## What is required
Below is a listing. Return the lines from the one that contains "Der Sommer ist" to the one that contains "The ceramic sculptures", both ends included, verbatim and with no pictures.
Listed entries Block Start
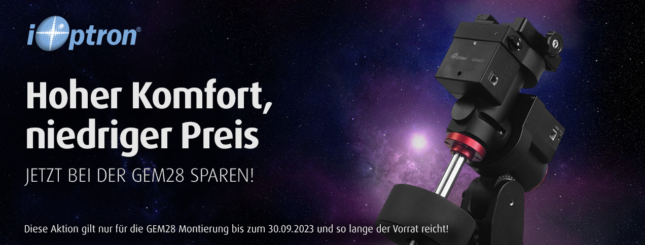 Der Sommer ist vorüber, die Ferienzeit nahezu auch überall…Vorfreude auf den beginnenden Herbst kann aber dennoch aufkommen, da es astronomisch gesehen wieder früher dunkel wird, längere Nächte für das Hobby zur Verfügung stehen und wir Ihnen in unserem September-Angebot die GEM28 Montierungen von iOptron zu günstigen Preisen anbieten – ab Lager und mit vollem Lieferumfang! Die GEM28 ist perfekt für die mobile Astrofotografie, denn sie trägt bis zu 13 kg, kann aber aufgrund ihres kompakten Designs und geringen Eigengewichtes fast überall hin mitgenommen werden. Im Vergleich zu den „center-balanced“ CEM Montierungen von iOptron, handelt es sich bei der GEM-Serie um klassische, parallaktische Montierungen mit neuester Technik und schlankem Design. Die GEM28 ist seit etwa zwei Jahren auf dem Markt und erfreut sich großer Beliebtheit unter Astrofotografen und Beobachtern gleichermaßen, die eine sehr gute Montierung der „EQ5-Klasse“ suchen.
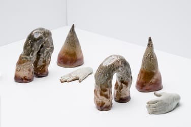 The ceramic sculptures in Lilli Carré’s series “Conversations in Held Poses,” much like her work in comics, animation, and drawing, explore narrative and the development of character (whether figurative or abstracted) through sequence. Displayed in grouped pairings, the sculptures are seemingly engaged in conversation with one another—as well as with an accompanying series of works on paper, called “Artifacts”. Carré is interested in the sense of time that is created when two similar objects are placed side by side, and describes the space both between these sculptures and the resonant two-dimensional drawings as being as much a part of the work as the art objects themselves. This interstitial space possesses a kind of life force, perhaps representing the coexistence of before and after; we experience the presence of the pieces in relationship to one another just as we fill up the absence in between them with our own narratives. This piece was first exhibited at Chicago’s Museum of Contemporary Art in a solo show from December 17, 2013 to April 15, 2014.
Listed entries Block End
Listed entries Block Start
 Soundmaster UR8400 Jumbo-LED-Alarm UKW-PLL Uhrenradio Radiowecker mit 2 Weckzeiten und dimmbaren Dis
Listed entries Block End
Listed entries Block Start
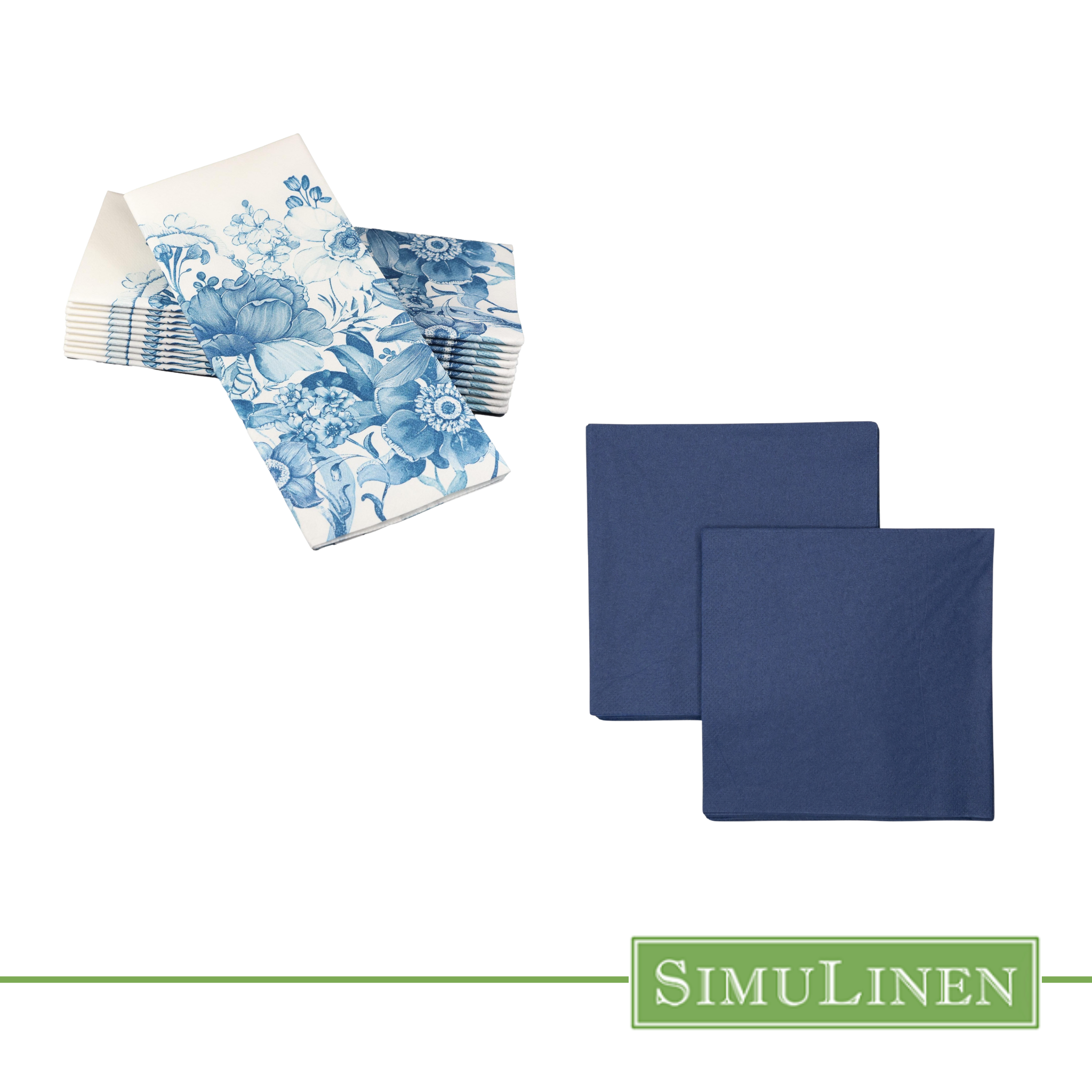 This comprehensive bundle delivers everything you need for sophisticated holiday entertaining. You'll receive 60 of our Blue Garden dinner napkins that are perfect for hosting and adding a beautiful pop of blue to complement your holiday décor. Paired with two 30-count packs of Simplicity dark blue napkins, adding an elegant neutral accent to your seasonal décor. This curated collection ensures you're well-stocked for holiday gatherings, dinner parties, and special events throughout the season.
Listed entries Block End
## Answer area
 Der Sommer ist vorüber, die Ferienzeit nahezu auch überall…Vorfreude auf den beginnenden Herbst kann aber dennoch aufkommen, da es astronomisch gesehen wieder früher dunkel wird, längere Nächte für das Hobby zur Verfügung stehen und wir Ihnen in unserem September-Angebot die GEM28 Montierungen von iOptron zu günstigen Preisen anbieten – ab Lager und mit vollem Lieferumfang! Die GEM28 ist perfekt für die mobile Astrofotografie, denn sie trägt bis zu 13 kg, kann aber aufgrund ihres kompakten Designs und geringen Eigengewichtes fast überall hin mitgenommen werden. Im Vergleich zu den „center-balanced“ CEM Montierungen von iOptron, handelt es sich bei der GEM-Serie um klassische, parallaktische Montierungen mit neuester Technik und schlankem Design. Die GEM28 ist seit etwa zwei Jahren auf dem Markt und erfreut sich großer Beliebtheit unter Astrofotografen und Beobachtern gleichermaßen, die eine sehr gute Montierung der „EQ5-Klasse“ suchen.
 The ceramic sculptures in Lilli Carré’s series “Conversations in Held Poses,” much like her work in comics, animation, and drawing, explore narrative and the development of character (whether figurative or abstracted) through sequence. Displayed in grouped pairings, the sculptures are seemingly engaged in conversation with one another—as well as with an accompanying series of works on paper, called “Artifacts”. Carré is interested in the sense of time that is created when two similar objects are placed side by side, and describes the space both between these sculptures and the resonant two-dimensional drawings as being as much a part of the work as the art objects themselves. This interstitial space possesses a kind of life force, perhaps representing the coexistence of before and after; we experience the presence of the pieces in relationship to one another just as we fill up the absence in between them with our own narratives. This piece was first exhibited at Chicago’s Museum of Contemporary Art in a solo show from December 17, 2013 to April 15, 2014.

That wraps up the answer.